Designing a group of regeneration codes with the parameters of (n, k, d) [ alpha, beta, B ], wherein n is the total number of nodes, k is the number of nodes needing to be connected for decoding, d is the number of nodes needing to be connected for repairing, alpha is the storage capacity of each node, beta is the size of data downloaded from one node during repairing, and B is the number of original symbols capable of being coded at one time. The existing indexes of the regeneration code, namely storage cost alpha and bandwidth cost gamma, describe the performance of the node and cannot reflect the performance in an actual system. For example, in table 1, when the link bandwidth is limited to β ═ 1 and the total data amount M is 6, and simply using two indexes α and γ as criteria for evaluating the performance of the regenerated code, it can be seen that the parameter (4,2,2) [1,2] MSR code has the minimum overhead and can be considered as the best performance, but in an actual system, the actual system memory occupation and bandwidth consumption of the (4,2,2) [1,2] MSR code are not the best due to the difference in the bandwidth limitation and the number of striping, whereas the (6,3,4) [2,4] MSR code with a larger α and γ performs better instead.

Table 1 parameter comparison for three MSR code schemes (M ═ 6, β ═ 1)

In order to fairly and intuitively compare the performance of the regeneration code in an actual system under different parameters, two new regeneration code indexes are defined: unit storage overhead usc (unit storage cost), that is, the hard disk space occupied by each unit data block during storage; unit bandwidth overhead, urb, (unit bandwidth), i.e. the transmission bandwidth consumed for repairing each unit data block. USC and URB of MSR code and MBR code are respectively expressed as

And

then: ,

the invention applies the truncation idea to the regeneration code and uses two indexes of unit storage cost USC and unit bandwidth cost URB to judge the performance of the regeneration code. The truncation is to delete t information bits on the basis of the (n, k) mother code to obtain a truncated subcode of (n-t, k-t), thereby achieving the purpose of shortening the code. Preferably, the key technology of the core of the invention is that some information bits are deleted, and redundancy is added, so that the data stored by t nodes after coding are all 0, and therefore, the nodes do not need to be stored, and the cost in an actual system is lower.

In the present invention, since the shortened MBR code cannot improve the performance, the present invention mainly considers the shortened MSR code.

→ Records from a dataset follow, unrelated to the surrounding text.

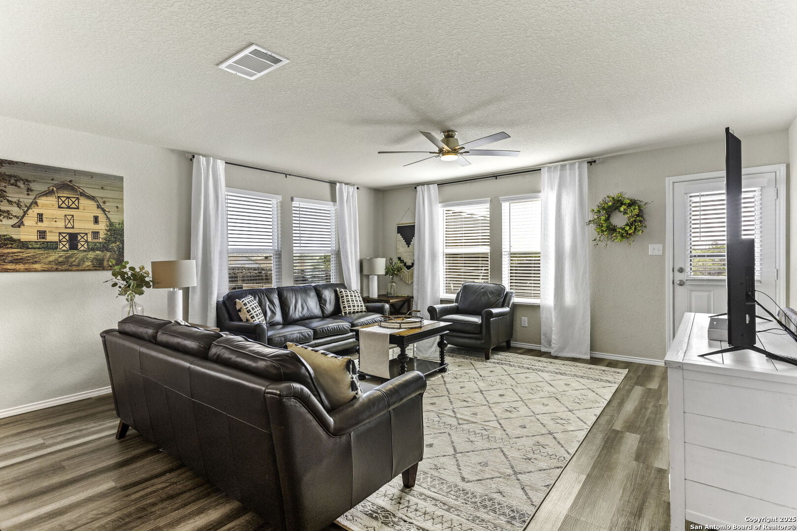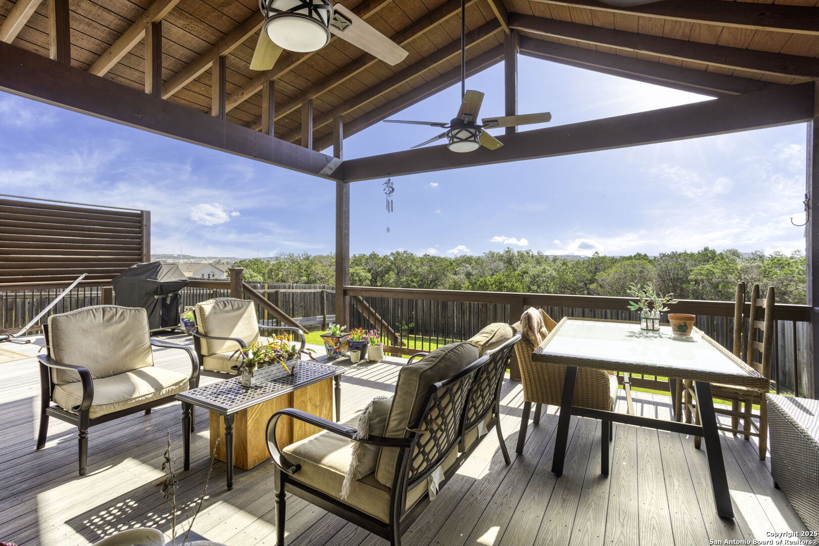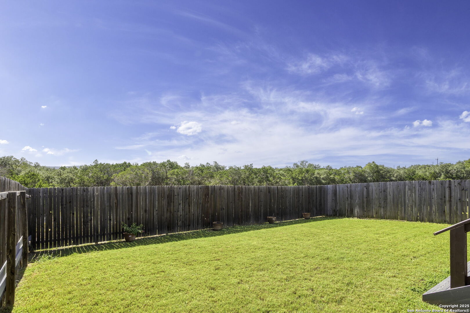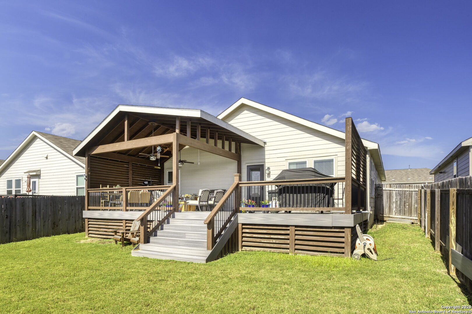 Located in the tranquil and desirable Hidden Trails community within Johnson Ranch, this impeccably maintained 3 bedroom, 2 bathroom home sits on a premium lot that backs up to a lush greenbelt. The stunning, expansive backyard deck consists of two walls on each side for ultimate privacy, and offers breathtaking views of the Hill Country. The deck is made from composite boards resistant to fading, staining, mold, and rot, and perfect for entertaining or unwinding after a busy day. Step inside to discover a spacious open-concept living area, modern kitchen featuring sleek countertops, stainless steel appliances, and gas cook top. The large built-in island flows effortlessly into the dining area and warm family room with views of your private, fully fenced backyard and green belt view. This Lennar home offers the Gannes floor plan featuring 2 full shower/tub combo bathrooms, 3 large bedrooms and a 2 car garage. Step outside to enjoy resort-style amenities, including: Splash pad for kids, Junior Olympic-sized lap pool, infinity pool and 24/7 gym, fitness center, community center and clubhouse. Additional amenities include Two playgrounds, one featuring a zip line, biking and walking trails, a dog-friendly park, BBQ areas, Basketball courts, and a Catch-and-release fishing pond.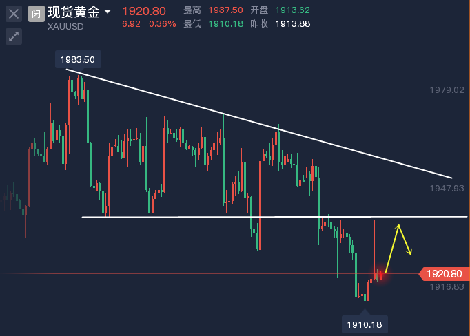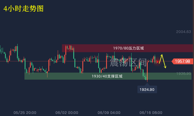 辰逸凛:黄金低位震荡,继续多空争夺!今日黄金走势分析! 犹豫贪心是投资得到大忌,很多时候不是单子不对,不是你运气不好,是你太贪心,赚钱的时候不离场,想着在赚一点我就走,恰恰是这一点,导致你现在的惨状,小亏是让离场,又犹豫了想着回本了我就离场,然后越套越深,做投资千万不要抱着侥幸心理,赚钱不易,且行且珍惜,没有谁的钱是大水冲来的,请对自己的资金负责! 市场方面: 周五(6月30日)亚洲交易时段,国际现货黄金窄幅震荡,目前金价交投于1909.40美元/盎司附近,而隔夜金价探底回升,在一系列强劲美国经济数据推动下,金价一度短暂跌破1900美元关键心理位,创近三个月新低至1892.66附近,但随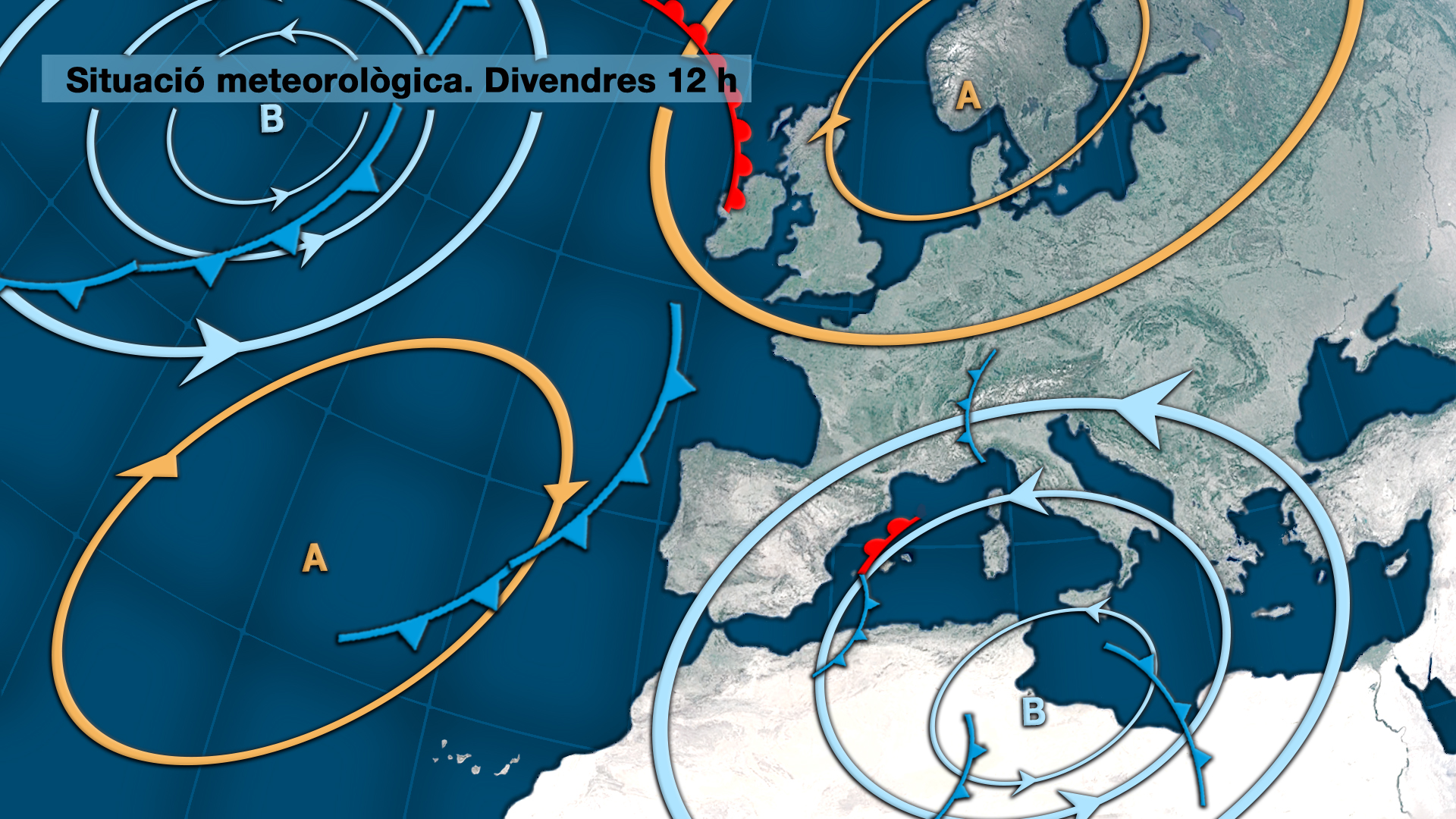 Les altes pressions van des de Escandinàvia fins a l’Atlàntic impedint l’arribada de borrasques des de l’oest però confina les baixes pressions al mediterrani on estan donant pluges torrencials al nord d’Itàlia i impulsen vents de llevant cap a nosaltres.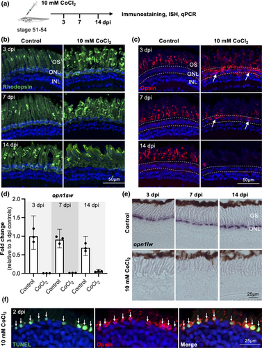 Specific cone cell death following a 10 mM CoCl2 intraocular injection in X. laevis. (a) Outline of the experimental procedure used in (b, c). Stage 51–54 X. laevis tadpoles were intraocularly injected with a saline solution (control) or with 10 mM CoCl2. They were then processed for immunostaining, in situ hybridization (ISH), or qPCR, at 3, 7, or 14 dpi. (b, c) Representative images of retinal sections labeled for Rhodopsin (b) or Opsin (c). Arrows point to mislocalized Opsin in the ONL (delineated by dashed lines). (d) qPCR analysis of opn1sw expression in control or 10 mM CoCl2-injected retinal extracts, at 3, 7, or 14 dpi. Data are represented as geometric mean with 95% CI (n = 3 technical replicates). (e) In situ hybridization analysis of opn1lw expression on retinal sections from control and 10 mM CoCl2-injected tadpoles, at 3, 7, and 14 dpi. (f) Representative images of a retinal section from a 10 mM CoCl2-injected tadpole, co-labeled for TUNEL and Opsin at 2 dpi. Arrows point to double-positive cells. Cell nuclei are counterstained with Hoechst. INL, inner nuclear layer; ONL, outer nuclear layer; OS, photoreceptor outer segments.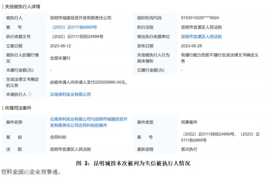 2023年6月28日,昆明城投被列入失信被执行人名单。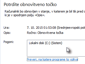 Za razliko od prejšnjih verzij Windows, je v Windows 10 možnost obnovitve sistema v prejšnje stanje privzeto izklopljena.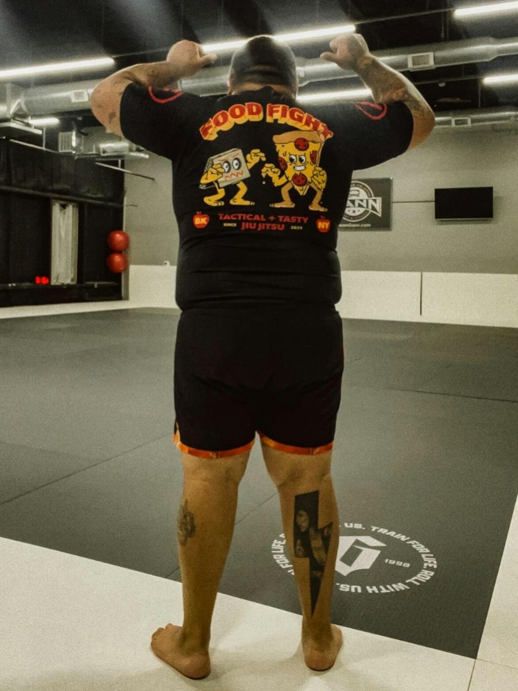 Grab a Pizza the Action in this black rash guard. Features signature Food Fight logo on the front, bold grappling illustration and graphic on the...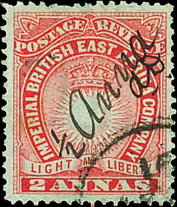 "½ Anna" on 2a. vermilion with original face value not obliterated, unusually well centred and with small part c.d.s. at lower right corner; a couple of short perfs. at top, otherwise fine. A most attractive example of this rare stamp of which no unused examples are recorded. Brandon Certificate (2000). S.G. 22, £3,250. Photo

The steps during encoding are as follows:

(1) assume that the parameters are (n, k, d) [ α, γ, B ]]The MSR mother code of (a) is obtained by truncating t nodes to obtain a parameter of (n) _s ,k _s ,d _s )[α _s ,γ _s ,B _s ]The following relationship exists between the parameters of the mother code and the child code in the truncated child code of (1), and is expressed by the formula:

n _s ＝n-t

k _s ＝k-t

d _s ＝d-t

α _s ＝α

γ _s ＝γ-t

B _s ＝B-t·α

(2) also, because the MSR mother code is a product matrix based construction and the parameters of the MSR mother code are constrained by the product matrix framework, the preferred inventive truncated MSR construction is an improvement under the product matrix framework. In the encoding process, the information is obtained after information bits are deleted and redundancy is added

Where the first a data is a known amount of redundancy and is a linear combination of the last elements. The coefficient matrix Ψ is a vandermonde matrix, shaped as:

and the message matrix M is a d × α matrix formed by two α × α diagonal matrices, in the form of:

(3) and (3) the coding matrix C is psi.M, all the first t row elements in C are equal to 0, and the linear relation between the alpha redundancy quantities and the original data can be determined, so that the numerical values of the redundancy quantities can be solved.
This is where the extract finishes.